══ Records supplied ══

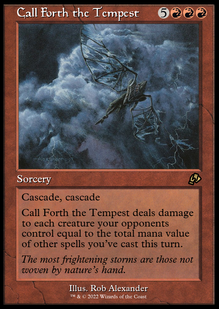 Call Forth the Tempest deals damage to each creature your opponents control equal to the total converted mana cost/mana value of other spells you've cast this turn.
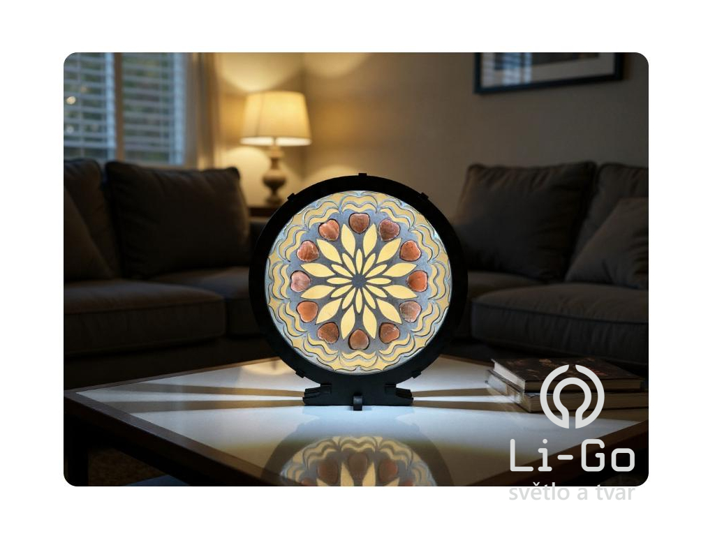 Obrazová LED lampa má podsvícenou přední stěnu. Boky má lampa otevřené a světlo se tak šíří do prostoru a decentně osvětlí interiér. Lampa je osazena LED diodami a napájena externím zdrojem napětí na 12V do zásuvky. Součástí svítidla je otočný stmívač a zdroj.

═══
══ Records supplied ══

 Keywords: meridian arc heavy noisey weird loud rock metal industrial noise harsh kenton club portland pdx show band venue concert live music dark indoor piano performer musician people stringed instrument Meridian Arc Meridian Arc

═══

→ **Problem**:
Repeat the lines above exactly, beginning with the one containing "Call Forth the" and finishing with the one containing "Obrazová LED lampa". No pictures belong in the copy.

→ **Result for this task**:
 Call Forth the Tempest deals damage to each creature your opponents control equal to the total converted mana cost/mana value of other spells you've cast this turn.
 Obrazová LED lampa má podsvícenou přední stěnu. Boky má lampa otevřené a světlo se tak šíří do prostoru a decentně osvětlí interiér. Lampa je osazena LED diodami a napájena externím zdrojem napětí na 12V do zásuvky. Součástí svítidla je otočný stmívač a zdroj.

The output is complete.